Stored data
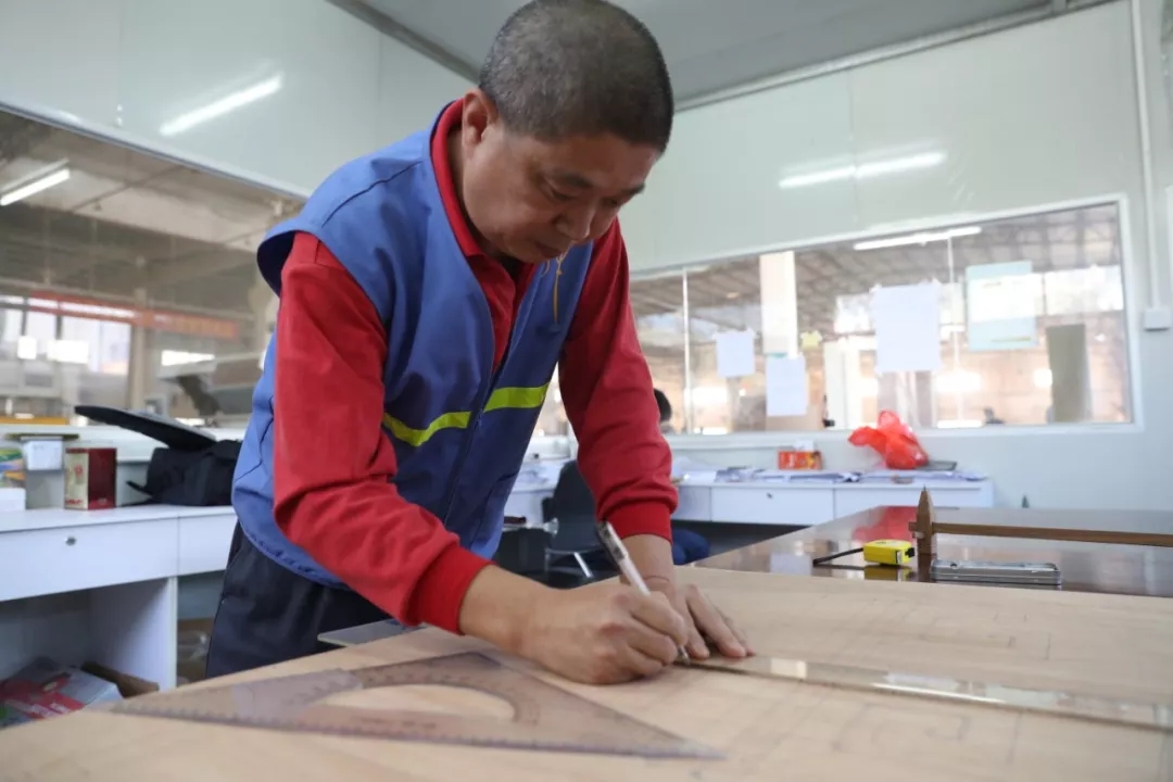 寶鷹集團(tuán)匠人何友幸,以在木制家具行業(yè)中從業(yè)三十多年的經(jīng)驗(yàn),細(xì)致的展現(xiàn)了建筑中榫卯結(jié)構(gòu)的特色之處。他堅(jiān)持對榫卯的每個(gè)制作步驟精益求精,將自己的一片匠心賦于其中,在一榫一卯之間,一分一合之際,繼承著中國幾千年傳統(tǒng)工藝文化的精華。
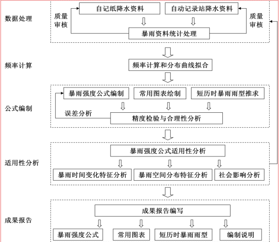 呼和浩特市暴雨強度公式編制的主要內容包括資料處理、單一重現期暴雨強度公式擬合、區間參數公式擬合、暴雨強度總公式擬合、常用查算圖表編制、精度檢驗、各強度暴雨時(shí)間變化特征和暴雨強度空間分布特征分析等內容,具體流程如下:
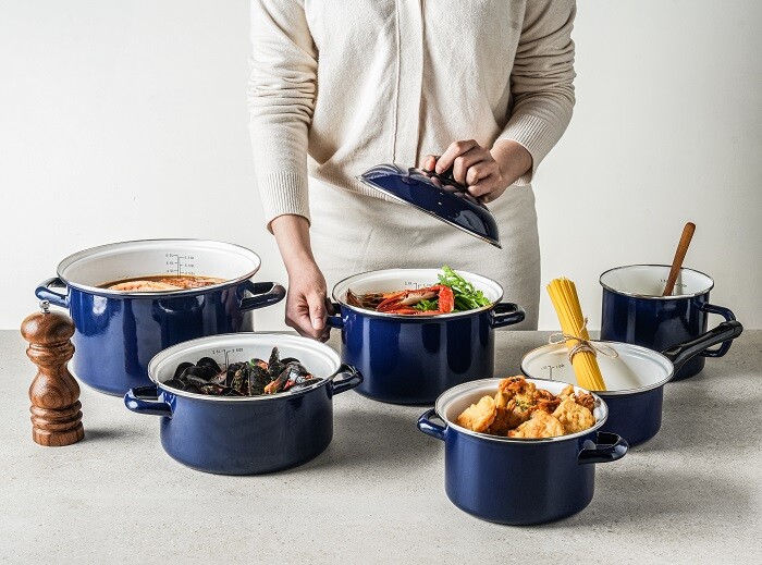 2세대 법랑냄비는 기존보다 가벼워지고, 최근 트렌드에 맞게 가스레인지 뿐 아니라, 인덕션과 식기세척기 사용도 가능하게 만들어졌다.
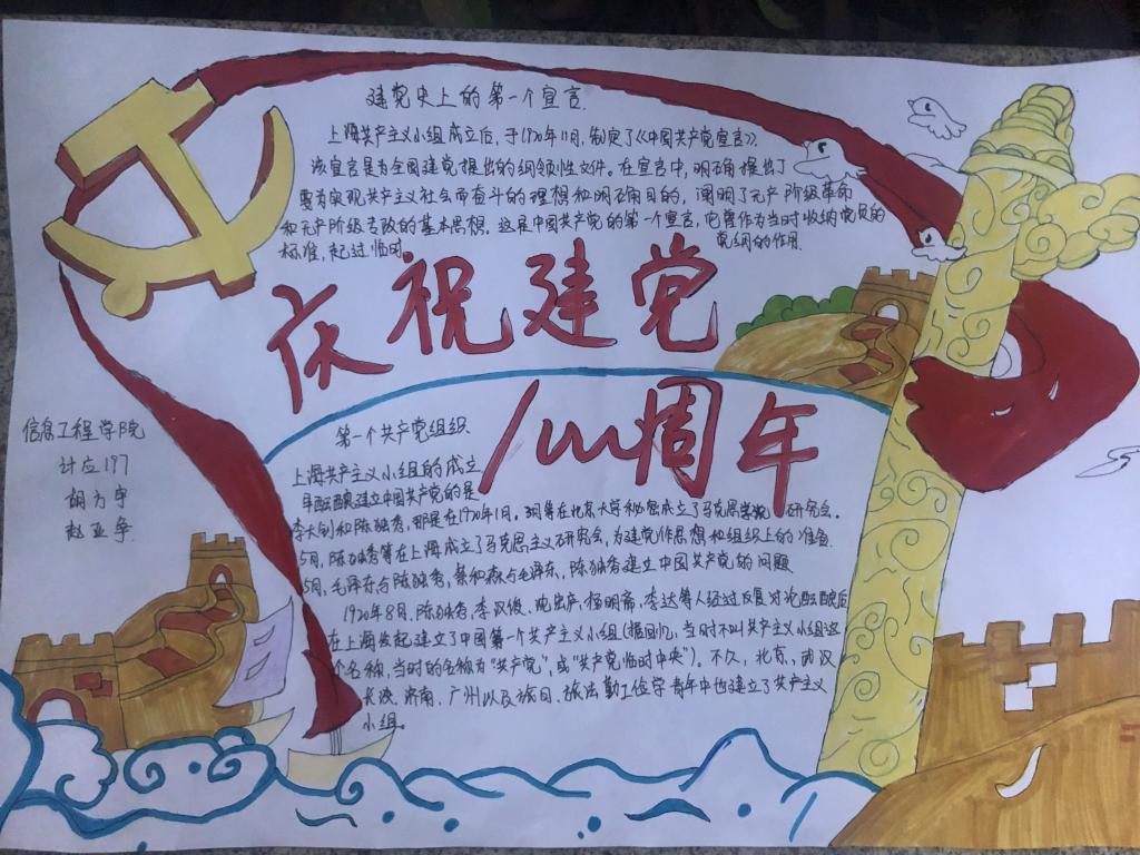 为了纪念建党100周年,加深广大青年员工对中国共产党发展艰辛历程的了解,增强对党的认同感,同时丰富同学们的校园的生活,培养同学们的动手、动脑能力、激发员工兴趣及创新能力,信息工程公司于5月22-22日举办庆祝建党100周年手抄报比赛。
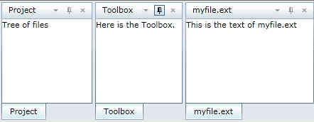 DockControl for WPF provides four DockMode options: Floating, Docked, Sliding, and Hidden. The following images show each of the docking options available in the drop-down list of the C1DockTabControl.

GOAL OF THE EXERCISE
The answer must be a word-for-word copy of all the entries, containing no pictures.

WRITTEN REPLY
 寶鷹集團(tuán)匠人何友幸,以在木制家具行業(yè)中從業(yè)三十多年的經(jīng)驗(yàn),細(xì)致的展現(xiàn)了建筑中榫卯結(jié)構(gòu)的特色之處。他堅(jiān)持對榫卯的每個(gè)制作步驟精益求精,將自己的一片匠心賦于其中,在一榫一卯之間,一分一合之際,繼承著中國幾千年傳統(tǒng)工藝文化的精華。
 呼和浩特市暴雨強度公式編制的主要內容包括資料處理、單一重現期暴雨強度公式擬合、區間參數公式擬合、暴雨強度總公式擬合、常用查算圖表編制、精度檢驗、各強度暴雨時(shí)間變化特征和暴雨強度空間分布特征分析等內容,具體流程如下:
 2세대 법랑냄비는 기존보다 가벼워지고, 최근 트렌드에 맞게 가스레인지 뿐 아니라, 인덕션과 식기세척기 사용도 가능하게 만들어졌다.
 为了纪念建党100周年,加深广大青年员工对中国共产党发展艰辛历程的了解,增强对党的认同感,同时丰富同学们的校园的生活,培养同学们的动手、动脑能力、激发员工兴趣及创新能力,信息工程公司于5月22-22日举办庆祝建党100周年手抄报比赛。
 DockControl for WPF provides four DockMode options: Floating, Docked, Sliding, and Hidden. The following images show each of the docking options available in the drop-down list of the C1DockTabControl.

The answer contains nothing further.